Et voila! Carve up the bird to the best of your ability, throw a potato on everyone’s plate and pass the gravy. To me vegetables are optional, but you could always make a salad or warm up some frozen peas or boil a couple of carrots. Cranberry sauce also jazzes up the plate, and people love the stuff from the can. They really do.

I like to follow this with pie or brownie a la mode for company. If it’s just me, I skip all steps above and go straight to the brownie, but of course that’s not your problem.

About WSW

Writer, wife, mother. Toiler in the bottomless, black, soul-sucking coal mine of domestic life. Thank God for the portable bar.

Posted on September 19, 2011, in Chicken, Dinner and tagged , , . Bookmark the permalink. 5 Comments.

  1. The_First_Robin

    Hey, we tried the chicken and it was GREAT! I was dubious about the onions, but they were delicious. However, I did not progress to gravy. Too hungry to wait. Thanks!

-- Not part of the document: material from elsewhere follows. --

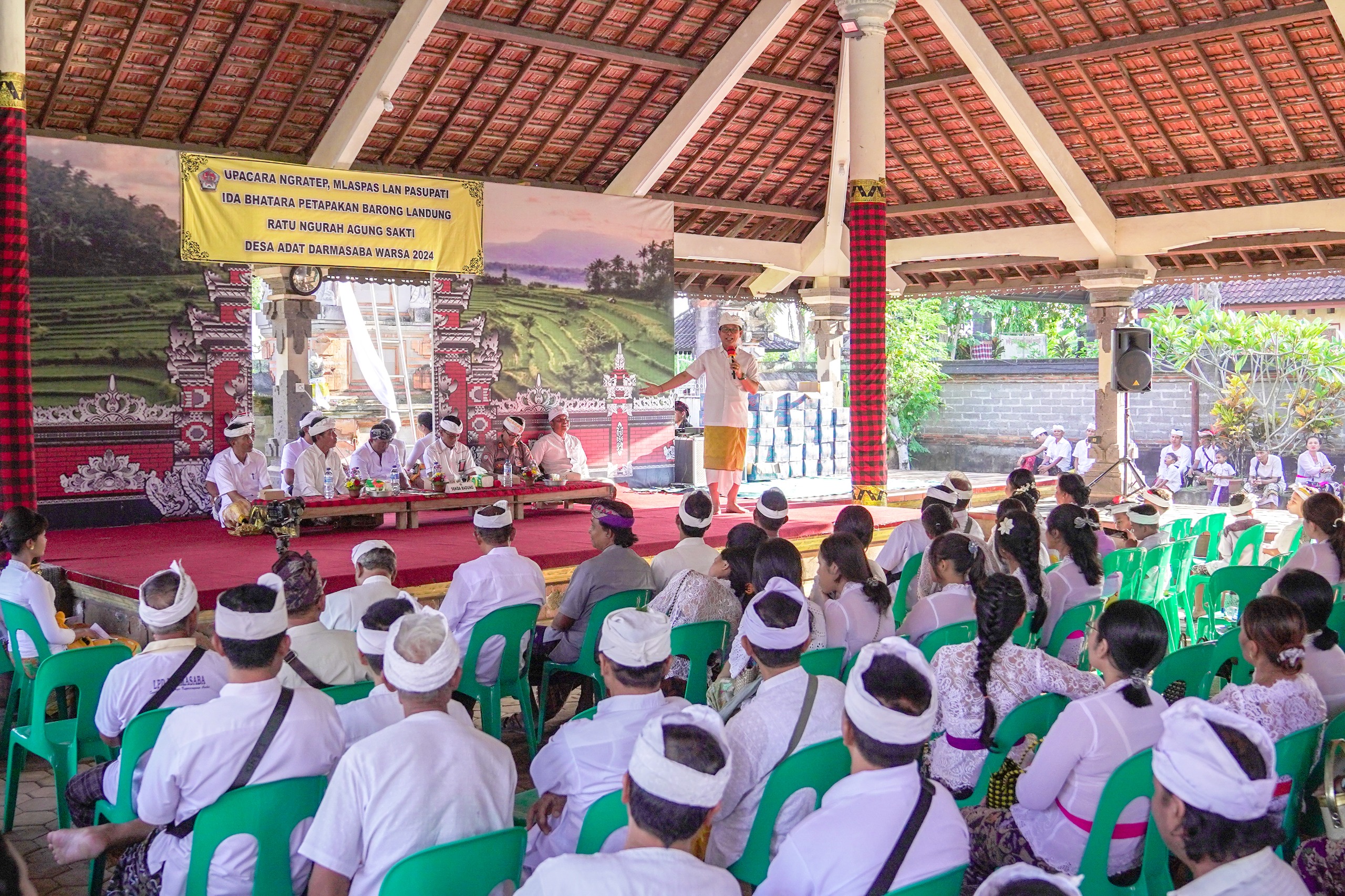 FAKTA – Atas nama Pemerintah Sekda Adi Arnawa mewakili Bupati Badung menyampaikan rasa syukur dan terima kasih kepada masyarakat Desa Adat Darmasaba telah menjaga dan melestarikan seni, adat dan budaya dengan dilaksanakannya Upacara Ngeratep, Melaspas dan Pasupati Ida Betara Petapakan Barong Landung Ratu Ngurah Agung Sakti di Pura Desa, Desa Adat Darmasaba, Jumat (29/3/2024).

    • Thrilled to hear it! Hope you saved the drippings. It may seem a tad de trop, but if you don’t use the chicken drippings for gravy, you can freeze them in a ziploc or a disused plastic takeout container for later use in gravy or soup. Waste not, want not!

  2. Finally tried this. And on a work night! Came out great. It is officially a dummy-proof recipe. Thanks KS!